I lifted my shirt to show them the scratch on my back. It was long and thin, but it was scabbing over. “I think it actually happened. This is where I got hurt falling through the roof in that other-place. If it didn’t actually happen, then where did this come from?”
“Maybe you did it at your dad’s house? Maybe—” Noreen said, and interrupted herself.
Sawyer folded his arms. “You don’t really think we got wasted and made it all up, do you?”
“I don’t have any idea what to think,” she said, shrugging. “I mean, it does sound pretty far-fetched, right? Seriously. This kind of thing only happens in Hollywood. Real life is not He-Man, or Beastmaster 2.”
“Tish,” said Sawyer, taking her hand in his and kissing it. “Ti amo! You know what it does to me when you talk cheesy 80’s fantasy movies.”
“Gomez, not in front of the children.”
I rolled my eyes and went to the door. “Well, you guys want to get some lunch while we figure out where to go from here?”
“Sounds like a plan, Stan,” said Sawyer, and we left the room.
As he closed the door behind us with a soft clunk, I noticed a strange flicker in the corner of my eye, as if I’d poked it with my finger. I rubbed the bridge of my nose and wrung my face with my palms, pressing my cold fingers
against my eyelids to soothe them. We sauntered down the corridor past silent suite doors, our footsteps quieted by the plush berber runner.
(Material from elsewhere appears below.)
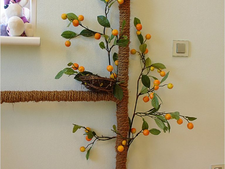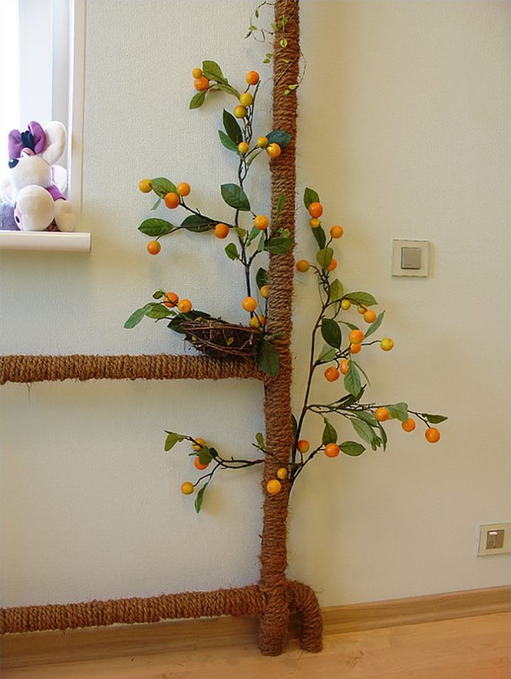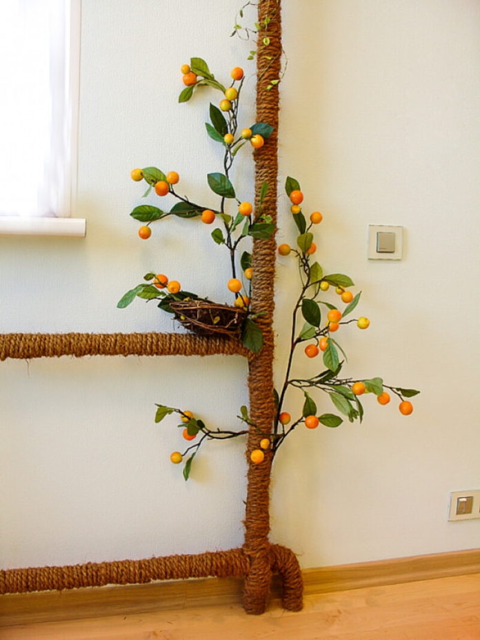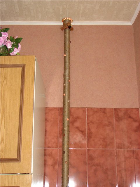 Un système de chauffage fraîchement peint doit être tressé autour d'une corde rigide (corde de couleur), simulant ainsi un tronc d'arbre (palmier). Des feuilles artificielles, de vraies branches d'arbres, des anneaux en bois aideront à compléter le tableau. De plus, vous pouvez apporter des éléments de décor originaux qui sont déjà présents dans d'autres pièces, soulignant ainsi la communauté de style.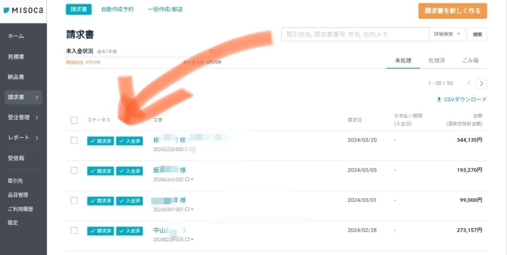 Misocaでは、請求と入金の有無をワンクリックで管理できるので、意外とこれが便利だと感じています。

Stepping into the elevator, Sawyer pressed the button for the first floor. “So what are you guys thinking? Mexican?”
I noticed the black spot again, and winced. I noticed Noreen doing the same thing. She squinted and looked up at the cab light, saying, “Yeah, that sounds fine.”
“I must be hungrier than I thought I was,” said Sawyer. “I’m getting a headache.”
I leaned my head back and listened to my stiff neck crackle, relieving a dull pain I hadn’t noticed until he brought it up. “Me too. How much sleep you think we got?”
“Not enough.”
The door slid shut and a second later, the elevator cab shifted, and began to move toward the lobby. A soft chime told us we were passing the second floor. My mind wandered as I studied my distorted features in the brushed-steel surface of the elevator wall. I grinned and the horrible, blurry face bared its teeth back at me.
Suddenly, I had an epiphany. “Sawyer, what if the thing my dad talked about was the guy with the horns?”
“The Silen?”
“Yeah.”
“I can believe it. You know, that puts yesterday into perspective. When we carried the mirror to the church, and we were talking all kinds of weird shit, ramma-lamma-ding-dong, or whatever. You said it can put ideas in your head, that’s how it became your father’s muse.”
Noreen made a face, turning to look at us. “What are you talking about?”
“Yesterday,” I said, as the elevator made that ding noise again. “I told you about it, earlier. When we went to my dad’s house yesterday, me and Sawyer took the mirror and put it in the car. It was like we were sleepwalking.”
“So you’re saying that devil thing made you open a portal to another world?” she asked. “Do you guys have any idea how messed-up that sounds?”